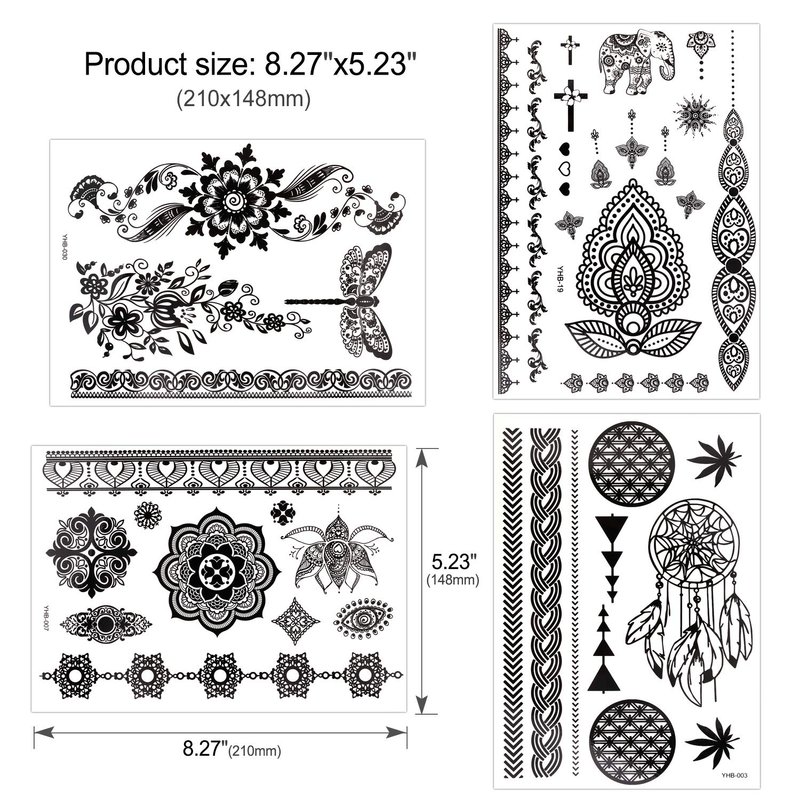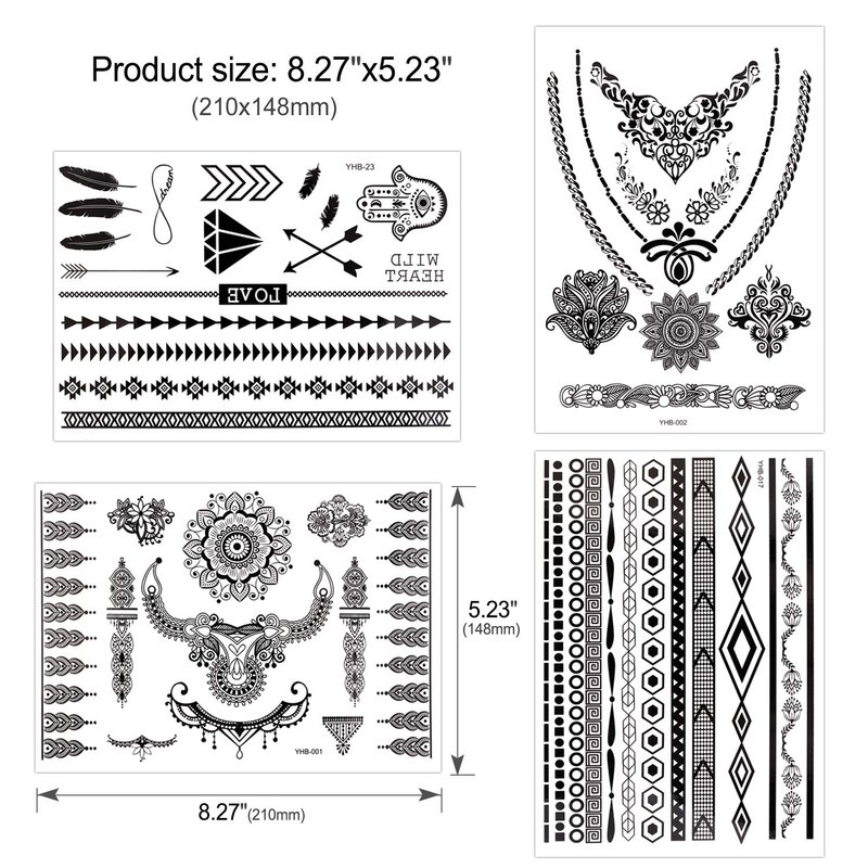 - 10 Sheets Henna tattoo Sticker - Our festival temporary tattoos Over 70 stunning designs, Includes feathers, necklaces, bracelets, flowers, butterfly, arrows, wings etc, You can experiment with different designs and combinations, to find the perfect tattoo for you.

...

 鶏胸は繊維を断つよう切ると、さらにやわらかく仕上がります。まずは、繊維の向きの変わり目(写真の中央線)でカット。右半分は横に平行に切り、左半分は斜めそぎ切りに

--

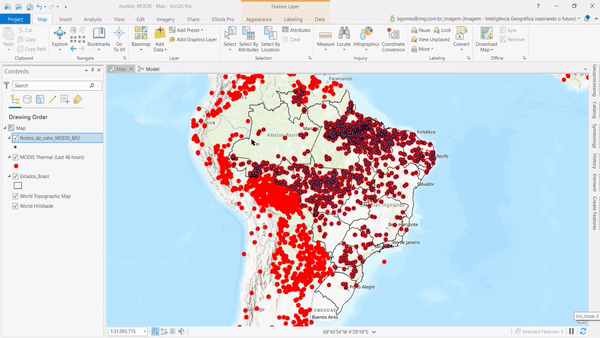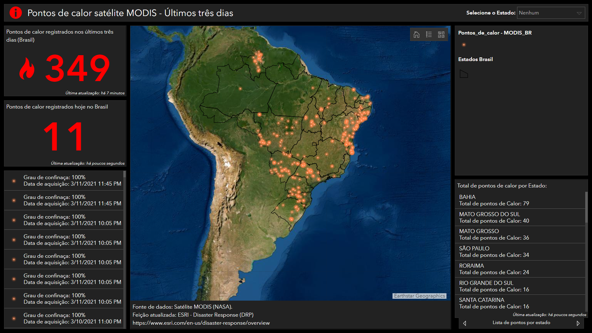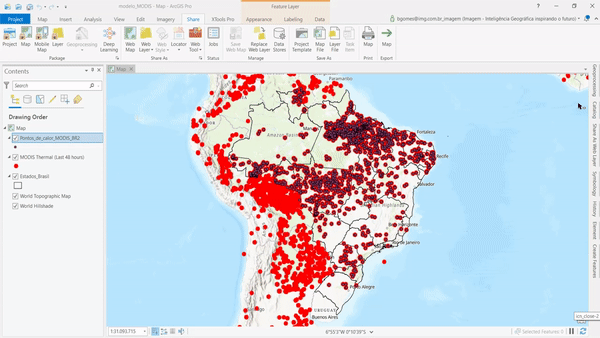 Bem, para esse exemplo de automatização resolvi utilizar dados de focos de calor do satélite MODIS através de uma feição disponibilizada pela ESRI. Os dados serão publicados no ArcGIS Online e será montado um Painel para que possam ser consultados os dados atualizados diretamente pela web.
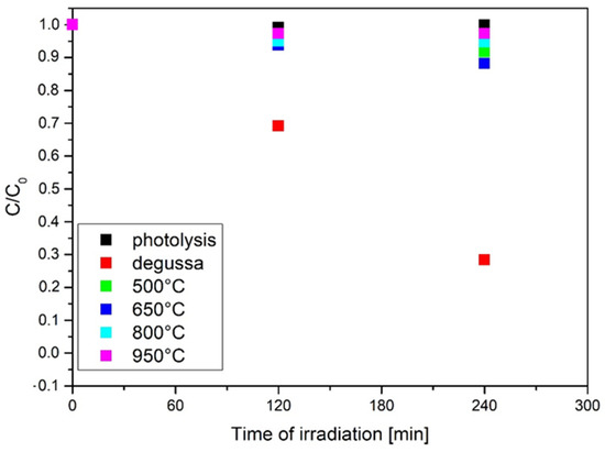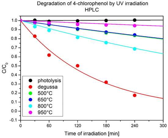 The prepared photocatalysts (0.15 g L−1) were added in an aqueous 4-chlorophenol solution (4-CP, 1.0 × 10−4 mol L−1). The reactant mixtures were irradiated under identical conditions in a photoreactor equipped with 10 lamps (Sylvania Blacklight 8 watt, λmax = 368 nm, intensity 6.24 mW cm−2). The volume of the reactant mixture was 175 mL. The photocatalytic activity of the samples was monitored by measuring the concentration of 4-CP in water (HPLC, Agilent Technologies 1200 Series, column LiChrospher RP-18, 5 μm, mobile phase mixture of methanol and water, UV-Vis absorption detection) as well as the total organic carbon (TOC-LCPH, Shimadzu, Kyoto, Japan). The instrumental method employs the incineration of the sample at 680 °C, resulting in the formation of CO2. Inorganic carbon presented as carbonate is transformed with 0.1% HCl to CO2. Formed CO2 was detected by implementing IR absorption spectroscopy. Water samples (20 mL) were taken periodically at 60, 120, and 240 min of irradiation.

**What the task asks**
In the data above, the stretch from the line with "Bem, para esse" through the line with "The prepared photocatalysts" is to be returned exactly, minus any pictures.

**Reply**
 Bem, para esse exemplo de automatização resolvi utilizar dados de focos de calor do satélite MODIS através de uma feição disponibilizada pela ESRI. Os dados serão publicados no ArcGIS Online e será montado um Painel para que possam ser consultados os dados atualizados diretamente pela web.
 The prepared photocatalysts (0.15 g L−1) were added in an aqueous 4-chlorophenol solution (4-CP, 1.0 × 10−4 mol L−1). The reactant mixtures were irradiated under identical conditions in a photoreactor equipped with 10 lamps (Sylvania Blacklight 8 watt, λmax = 368 nm, intensity 6.24 mW cm−2). The volume of the reactant mixture was 175 mL. The photocatalytic activity of the samples was monitored by measuring the concentration of 4-CP in water (HPLC, Agilent Technologies 1200 Series, column LiChrospher RP-18, 5 μm, mobile phase mixture of methanol and water, UV-Vis absorption detection) as well as the total organic carbon (TOC-LCPH, Shimadzu, Kyoto, Japan). The instrumental method employs the incineration of the sample at 680 °C, resulting in the formation of CO2. Inorganic carbon presented as carbonate is transformed with 0.1% HCl to CO2. Formed CO2 was detected by implementing IR absorption spectroscopy. Water samples (20 mL) were taken periodically at 60, 120, and 240 min of irradiation.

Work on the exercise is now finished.